▶ Work to complete
Output all of the data exactly, keeping any images out of the copy.

▶ Dataset content
>>>
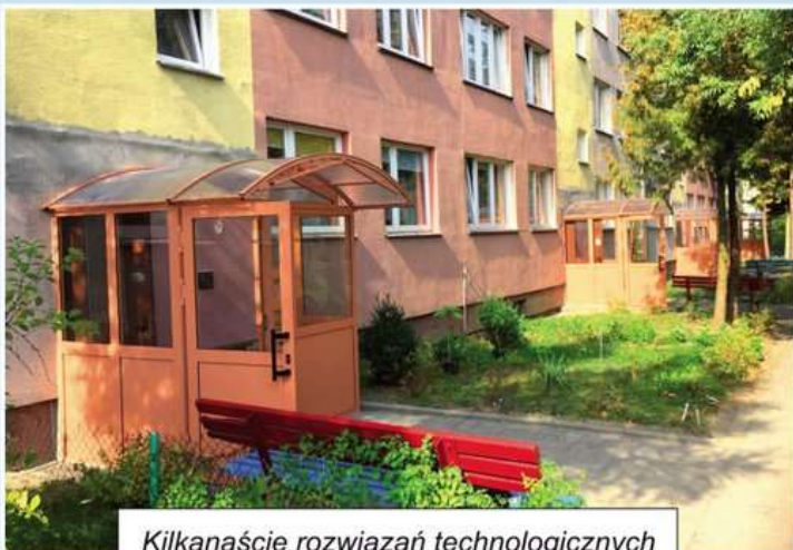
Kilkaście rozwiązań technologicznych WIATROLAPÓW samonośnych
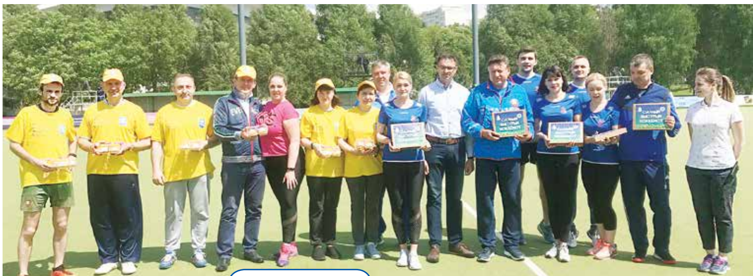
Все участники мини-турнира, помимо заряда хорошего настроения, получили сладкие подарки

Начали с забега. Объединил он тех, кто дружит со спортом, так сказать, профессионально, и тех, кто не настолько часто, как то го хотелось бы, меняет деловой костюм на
<<<
▶ Result
Kilkaście rozwiązań technologicznych WIATROLAPÓW samonośnych
Все участники мини-турнира, помимо заряда хорошего настроения, получили сладкие подарки

Начали с забега. Объединил он тех, кто дружит со спортом, так сказать, профессионально, и тех, кто не настолько часто, как то го хотелось бы, меняет деловой костюм на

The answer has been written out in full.